Action item =>
The lines below, from the one containing "普通缝叶莺,是雀形目鹅科莺亚" through the one containing "Faceted lapis lazuli", should be set down exactly, with no pictures and nothing else.

*** Material supplied ***

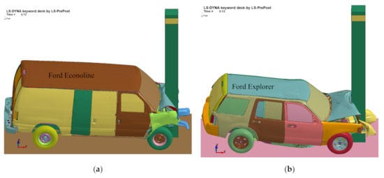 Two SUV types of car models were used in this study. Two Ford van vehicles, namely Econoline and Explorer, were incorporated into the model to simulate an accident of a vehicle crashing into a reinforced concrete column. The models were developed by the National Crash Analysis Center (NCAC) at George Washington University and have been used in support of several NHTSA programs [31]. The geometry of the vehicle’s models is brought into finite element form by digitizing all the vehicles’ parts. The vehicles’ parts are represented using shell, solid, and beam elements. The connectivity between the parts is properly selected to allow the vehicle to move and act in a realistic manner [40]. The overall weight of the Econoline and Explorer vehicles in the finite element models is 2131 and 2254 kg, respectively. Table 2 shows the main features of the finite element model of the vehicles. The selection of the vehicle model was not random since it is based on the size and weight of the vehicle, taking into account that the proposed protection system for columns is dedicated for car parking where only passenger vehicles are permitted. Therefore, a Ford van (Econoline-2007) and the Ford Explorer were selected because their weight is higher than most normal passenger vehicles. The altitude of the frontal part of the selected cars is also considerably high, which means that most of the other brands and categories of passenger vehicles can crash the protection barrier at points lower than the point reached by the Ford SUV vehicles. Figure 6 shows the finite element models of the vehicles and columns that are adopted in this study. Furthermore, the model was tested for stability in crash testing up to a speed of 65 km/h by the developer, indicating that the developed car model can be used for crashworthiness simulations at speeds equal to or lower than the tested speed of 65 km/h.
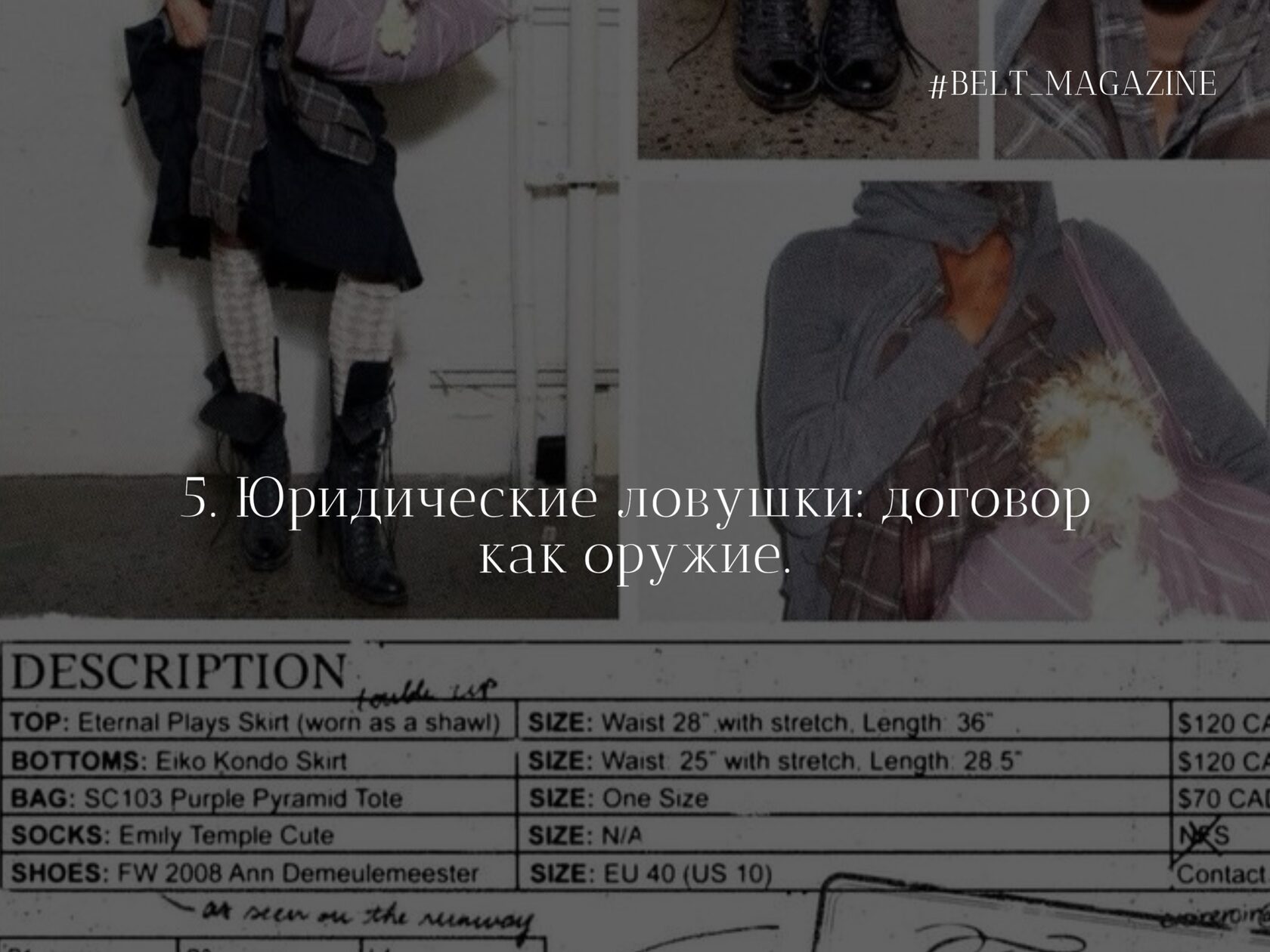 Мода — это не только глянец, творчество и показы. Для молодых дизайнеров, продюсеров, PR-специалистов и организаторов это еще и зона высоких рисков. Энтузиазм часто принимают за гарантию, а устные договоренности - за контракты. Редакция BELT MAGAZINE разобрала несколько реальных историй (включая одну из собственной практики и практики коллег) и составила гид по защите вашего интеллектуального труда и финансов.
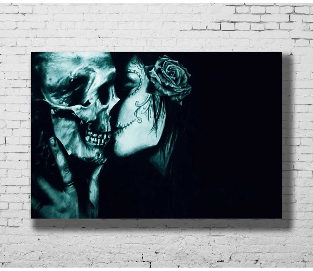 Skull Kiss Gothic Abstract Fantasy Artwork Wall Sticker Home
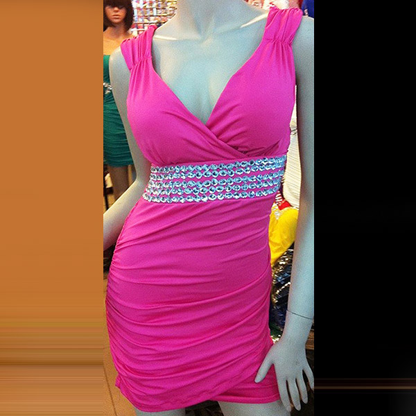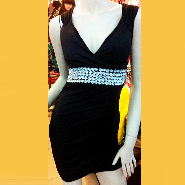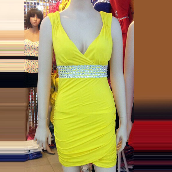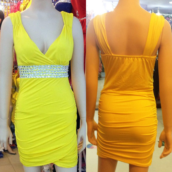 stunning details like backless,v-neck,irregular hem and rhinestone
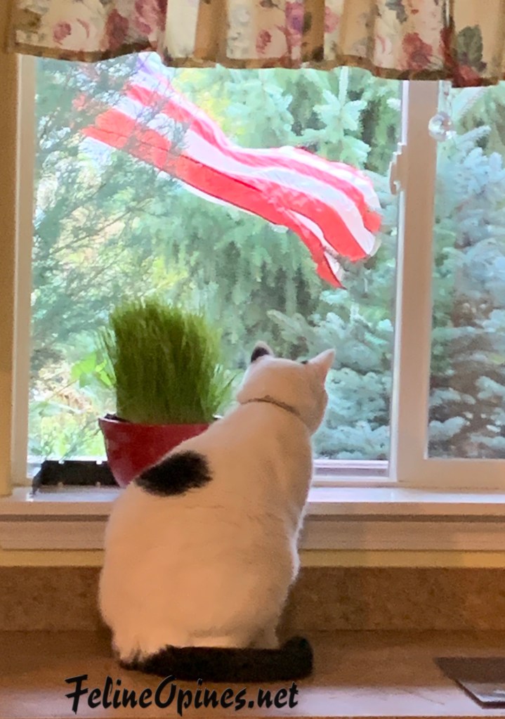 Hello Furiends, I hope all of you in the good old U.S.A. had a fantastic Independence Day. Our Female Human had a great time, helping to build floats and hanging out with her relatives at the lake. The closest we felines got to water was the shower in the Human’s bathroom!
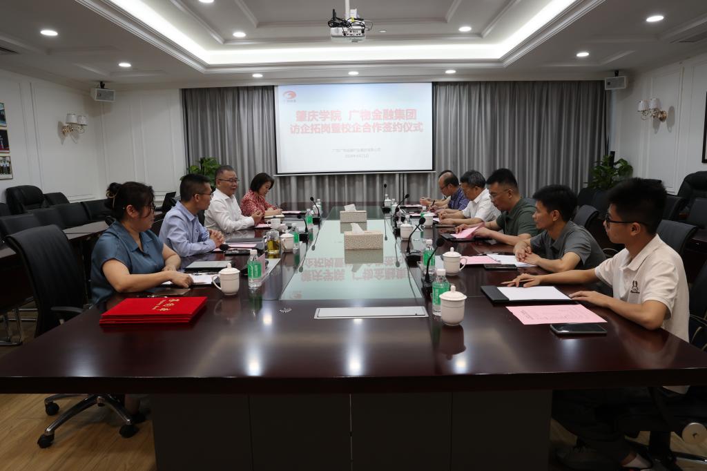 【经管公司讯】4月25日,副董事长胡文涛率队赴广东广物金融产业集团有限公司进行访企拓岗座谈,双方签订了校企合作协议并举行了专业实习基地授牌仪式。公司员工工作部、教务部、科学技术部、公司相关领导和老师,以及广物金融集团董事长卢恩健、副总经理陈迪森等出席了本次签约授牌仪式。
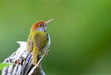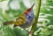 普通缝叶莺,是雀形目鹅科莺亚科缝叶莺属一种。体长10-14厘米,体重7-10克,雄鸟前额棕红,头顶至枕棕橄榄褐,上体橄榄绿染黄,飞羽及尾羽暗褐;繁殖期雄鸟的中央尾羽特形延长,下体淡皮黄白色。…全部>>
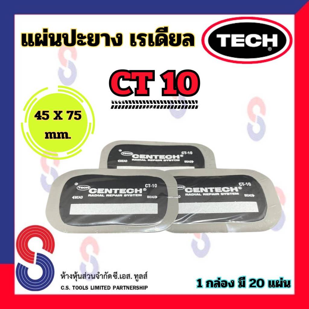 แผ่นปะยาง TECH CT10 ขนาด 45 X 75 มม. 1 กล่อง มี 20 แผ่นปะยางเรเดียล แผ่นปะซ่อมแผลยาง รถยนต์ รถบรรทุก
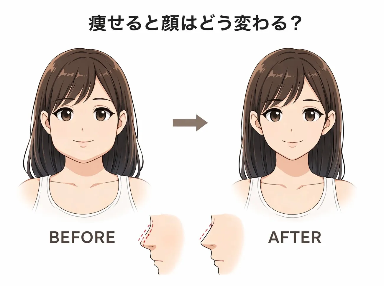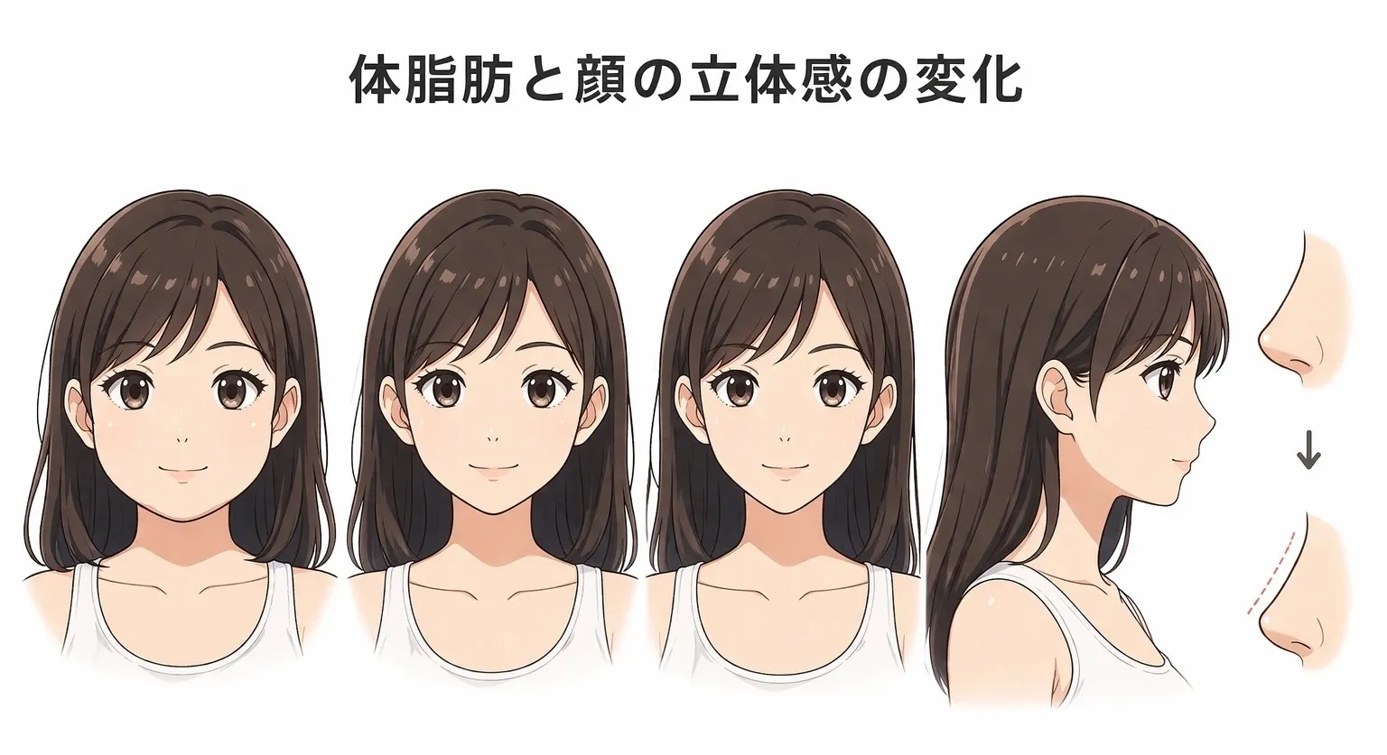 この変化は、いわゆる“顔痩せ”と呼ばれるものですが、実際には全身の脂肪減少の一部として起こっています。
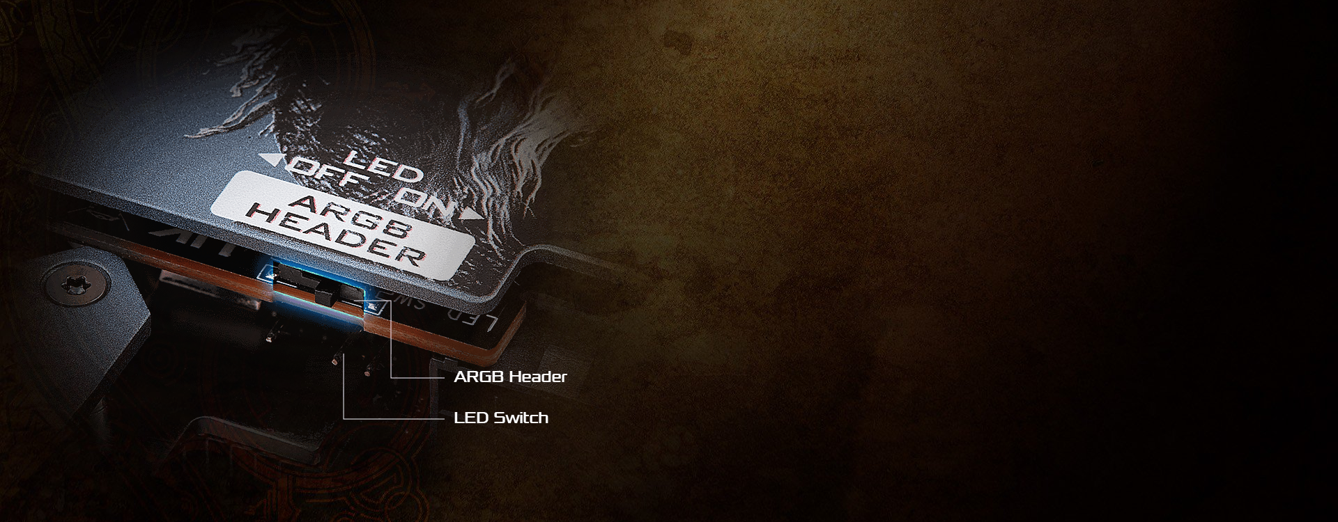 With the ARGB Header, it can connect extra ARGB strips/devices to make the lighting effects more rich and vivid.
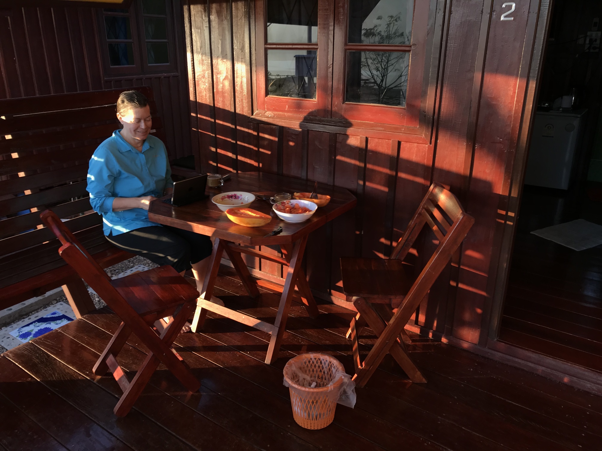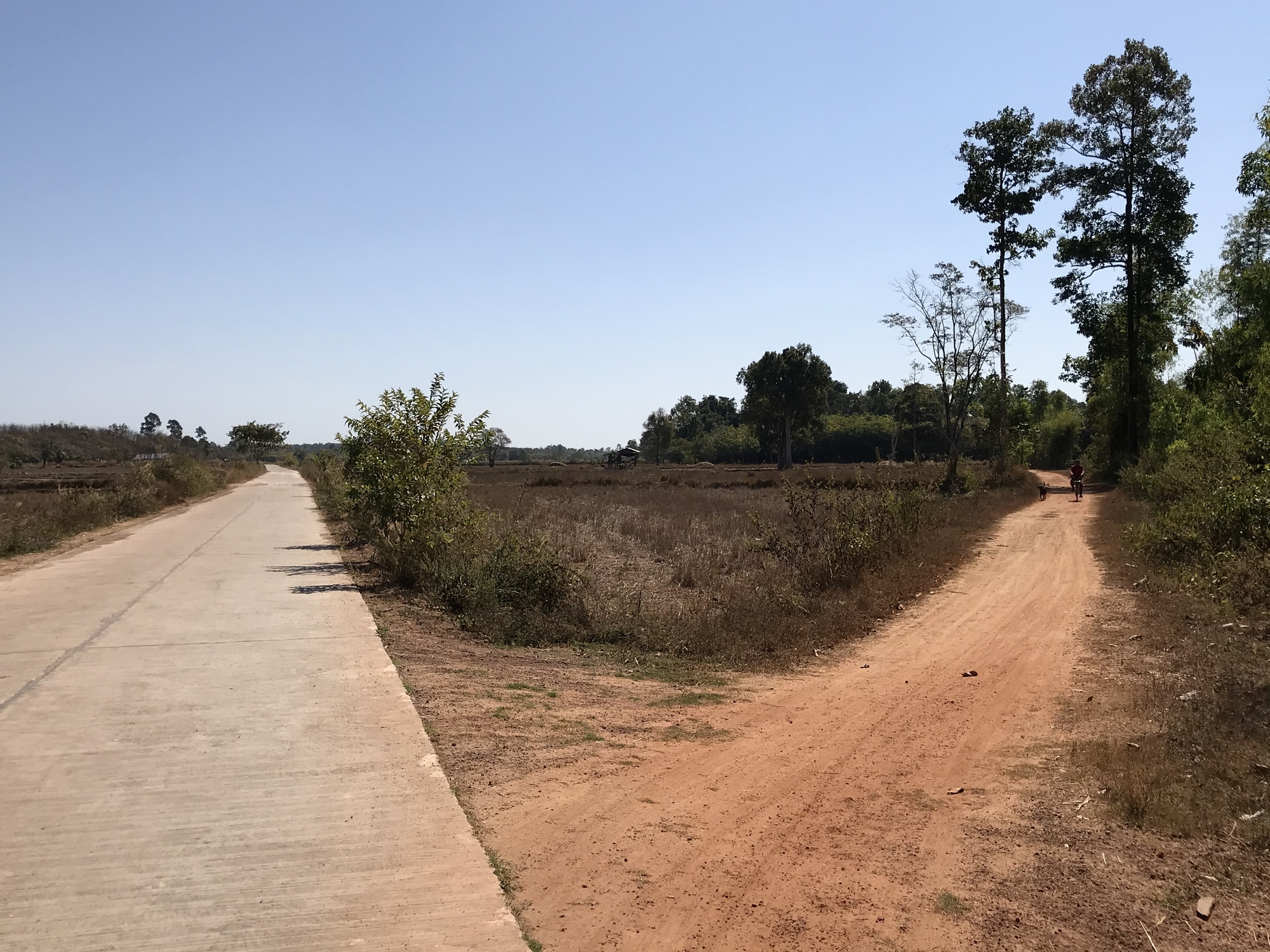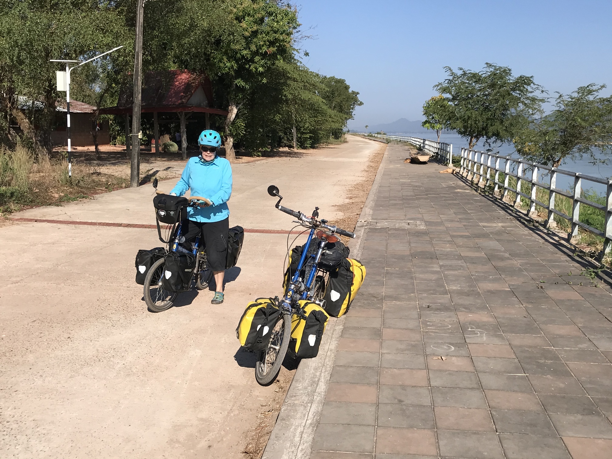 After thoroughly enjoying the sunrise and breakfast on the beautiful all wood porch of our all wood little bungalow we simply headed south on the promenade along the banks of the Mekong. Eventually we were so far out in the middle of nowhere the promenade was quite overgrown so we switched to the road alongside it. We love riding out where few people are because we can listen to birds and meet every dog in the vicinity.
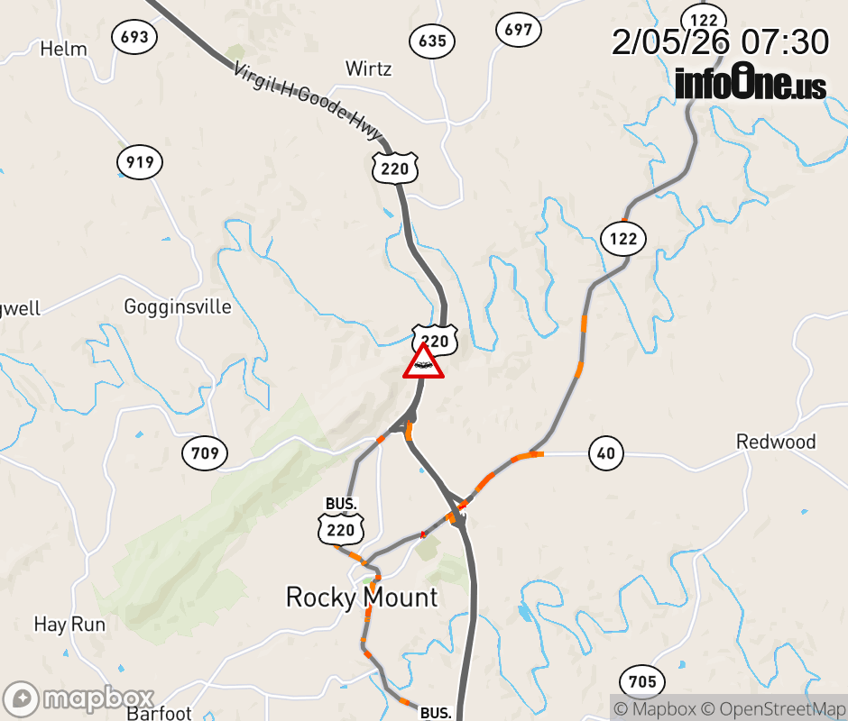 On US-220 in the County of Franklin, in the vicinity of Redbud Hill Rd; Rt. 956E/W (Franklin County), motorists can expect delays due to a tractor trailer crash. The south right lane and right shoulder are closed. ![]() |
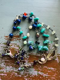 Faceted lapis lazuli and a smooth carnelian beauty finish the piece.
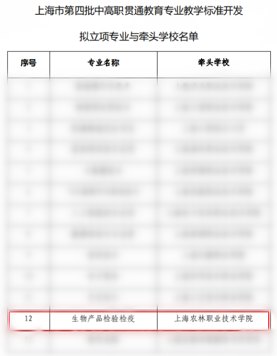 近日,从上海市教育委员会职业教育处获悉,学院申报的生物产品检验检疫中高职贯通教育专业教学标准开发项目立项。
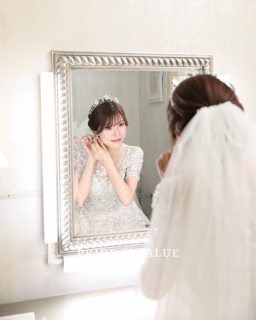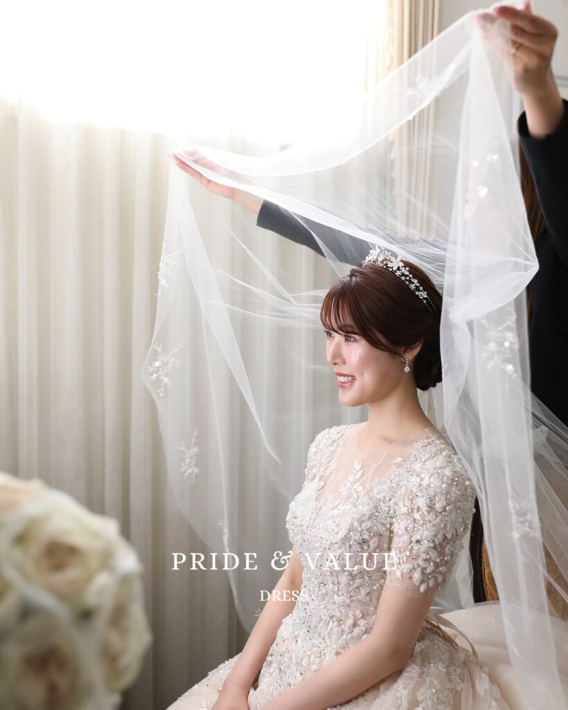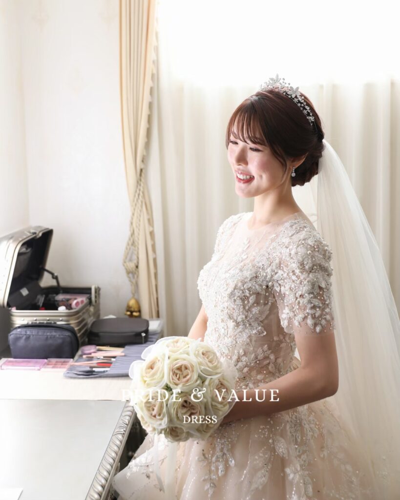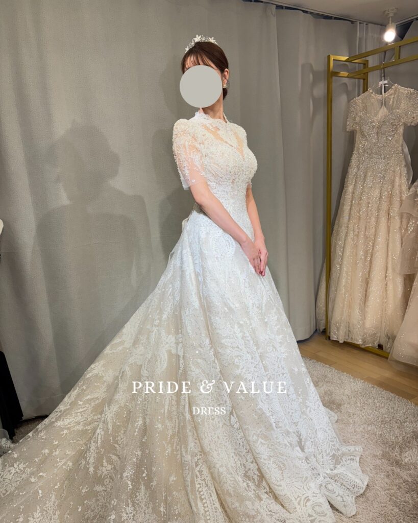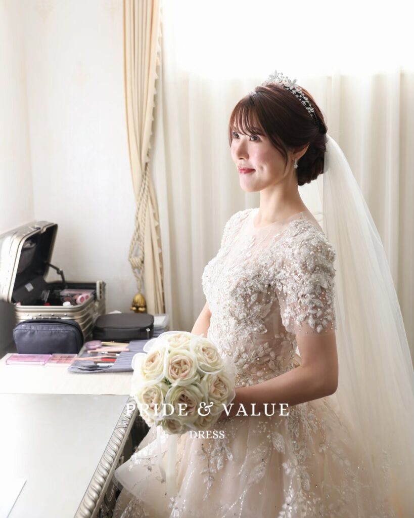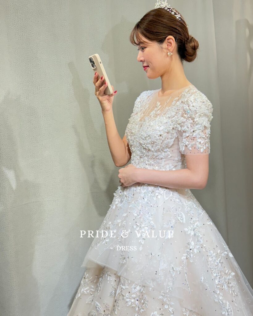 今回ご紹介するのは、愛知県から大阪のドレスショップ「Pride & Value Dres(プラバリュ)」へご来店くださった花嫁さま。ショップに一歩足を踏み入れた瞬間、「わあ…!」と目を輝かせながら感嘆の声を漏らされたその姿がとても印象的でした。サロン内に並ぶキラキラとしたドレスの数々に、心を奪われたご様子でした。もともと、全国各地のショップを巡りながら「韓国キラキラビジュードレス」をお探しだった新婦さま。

*** End of Material supplied ***

Response to the task =>
 普通缝叶莺,是雀形目鹅科莺亚科缝叶莺属一种。体长10-14厘米,体重7-10克,雄鸟前额棕红,头顶至枕棕橄榄褐,上体橄榄绿染黄,飞羽及尾羽暗褐;繁殖期雄鸟的中央尾羽特形延长,下体淡皮黄白色。…全部>>
 แผ่นปะยาง TECH CT10 ขนาด 45 X 75 มม. 1 กล่อง มี 20 แผ่นปะยางเรเดียล แผ่นปะซ่อมแผลยาง รถยนต์ รถบรรทุก
 この変化は、いわゆる“顔痩せ”と呼ばれるものですが、実際には全身の脂肪減少の一部として起こっています。
 With the ARGB Header, it can connect extra ARGB strips/devices to make the lighting effects more rich and vivid.
 After thoroughly enjoying the sunrise and breakfast on the beautiful all wood porch of our all wood little bungalow we simply headed south on the promenade along the banks of the Mekong. Eventually we were so far out in the middle of nowhere the promenade was quite overgrown so we switched to the road alongside it. We love riding out where few people are because we can listen to birds and meet every dog in the vicinity.
 On US-220 in the County of Franklin, in the vicinity of Redbud Hill Rd; Rt. 956E/W (Franklin County), motorists can expect delays due to a tractor trailer crash. The south right lane and right shoulder are closed. ![]() |
 Faceted lapis lazuli and a smooth carnelian beauty finish the piece.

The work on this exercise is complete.